The film is "The Boat." The undisputed star is the mockup of the sub that throbs its dominance for the entire 2 1/2 hours.
The director is Wolfgang Petersen, a 40-year-old fascinated by the palpable feeling of war, which he has never personally experienced but which pervades the bestselling novel "The Boat." The director's harshest critic is the author of the book, the generation-older ex-war correspondent Lothar-Gunther Buchheim.
The author's blast at what he considers a travesty of his book hit the newsstands (and, ironically, ensured publicity for the movie) at the same time that "The Boat" hit the screen last month. And all the cinema critics have been weighing it.
One appreciates the film as the first postwar German movie to present German World War II combatants as victims rather than ogres. Another pans it as never even approaching the basic haunting question of what drew so many young men to volunteer for almost certain death in the depths of the sea.
For Buchheim, author and 1941 U-boat photographer, there is "hysteria" in the film's battle scenes rather than a more realistic "discipline." (He supports his point by displaying his own photo of an utterly calm U-96 captain during a torpedo attack.) There is constant frenetic activity without the crushing boredom of nine-tenths of war.
There are jarring inaccuracies by armchair warriors, ranging from heil-Hitler salutes by officers in 1941 (the Wehrmacht was not forced to this particular homage until 1944) to an insanely dangerous wave of defiance by the photographer in the conning tower just before he is hit (harmlessly) by a several-ton wave.
Most of all, Buchheim says, the drama is external and false, there is no inner tension in the commander between the rigid code of conduct required on a claustrophobic submarine and the urge to break out of this "corset" and display some human traits. There is no sense of the crew's absolutely essential "suppression of fear, the self-control, the absence of panic."

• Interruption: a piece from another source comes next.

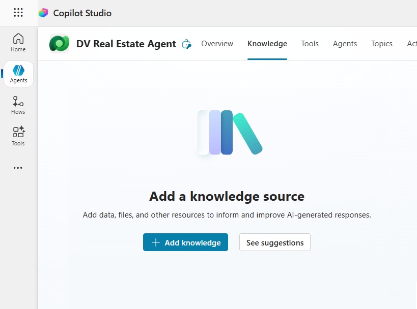 Open Copilot Studio and create a new agent named DV Real Estate Agent. Go to the knowledge menu and press the Add Knowledge button.

Neither Buchheim nor any other critic doubts the meticulous authenticity that went into reproducing a submarine for outside shots. Nobody questions the agility of the frog-suited cameramen who plunged into Starnberg Lake near Munich to film the mock battles.
Everybody outside the film, though, has his own bone to pick with the final impact of all these special effects, it seems.
The Suddeutsche Zeitung faults director Petersen for not jettisoning verisimilitude altogether and boldly designing his own 1980s reconstruction of the period.
The Frankfurter Allgemeine Zeitung chides him for never developing real sympathy for any of the characters as persons rather than symbols.
And Buchheim -- well, Buchheim says it best himself. "If the Americans had made the film, my situation, although agonizing, would have been simpler," he rails in the weekly Die Zeit.
"It would have been very simple to give the film a drubbing, precisely as American, as a product of the taste of American producers, staged just like a strip of full-action scenes, with side glances at the cash registers."
The film is German, however, and can't be dismissed so easily.
And yet even Buchheim defends the movie against detractors who would read into it glorification of the actions of World War II submarines. "It describes only their dangers -- their achievements of each individual submarine sailor, whether seaman or officer, are beyond question. If it's a question of heroism, then each and every submarine crew . . . is an example of it."